++++ Records for the exercise ++++

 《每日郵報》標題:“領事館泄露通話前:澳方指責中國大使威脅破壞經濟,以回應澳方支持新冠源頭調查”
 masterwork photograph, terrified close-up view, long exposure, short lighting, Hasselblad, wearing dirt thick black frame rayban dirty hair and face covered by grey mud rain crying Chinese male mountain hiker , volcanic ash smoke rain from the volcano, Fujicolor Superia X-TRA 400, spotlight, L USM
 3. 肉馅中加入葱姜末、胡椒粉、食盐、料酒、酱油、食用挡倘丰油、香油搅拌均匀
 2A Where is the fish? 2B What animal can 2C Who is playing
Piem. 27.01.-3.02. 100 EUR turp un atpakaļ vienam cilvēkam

++++
++++ Records for the exercise ++++

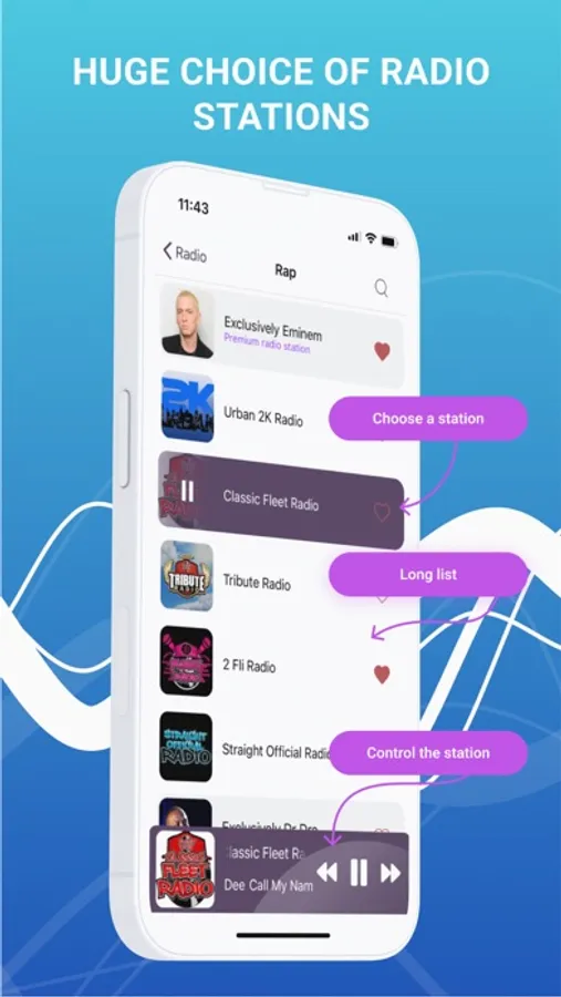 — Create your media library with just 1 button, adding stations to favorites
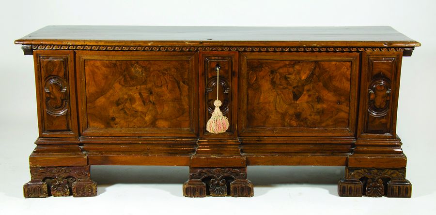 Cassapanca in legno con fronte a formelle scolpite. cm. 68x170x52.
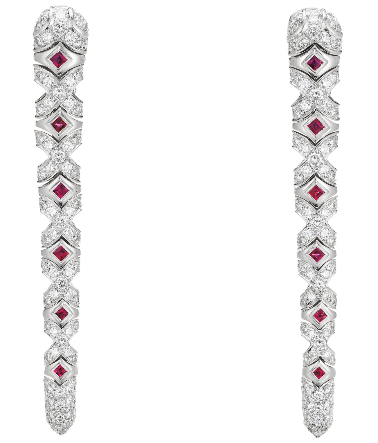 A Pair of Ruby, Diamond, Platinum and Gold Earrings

++++

● What needs to be done
Please give an exact copy of the lines above, beginning with the line containing "3. 肉馅中加入葱姜末、胡椒粉、食盐、料酒、酱油、食用挡倘丰油、香油搅拌均匀" and running through the line containing "Piem. 27.01.-3.02. 100", and of no other lines.

● Response area
 3. 肉馅中加入葱姜末、胡椒粉、食盐、料酒、酱油、食用挡倘丰油、香油搅拌均匀
 2A Where is the fish? 2B What animal can 2C Who is playing
Piem. 27.01.-3.02. 100 EUR turp un atpakaļ vienam cilvēkam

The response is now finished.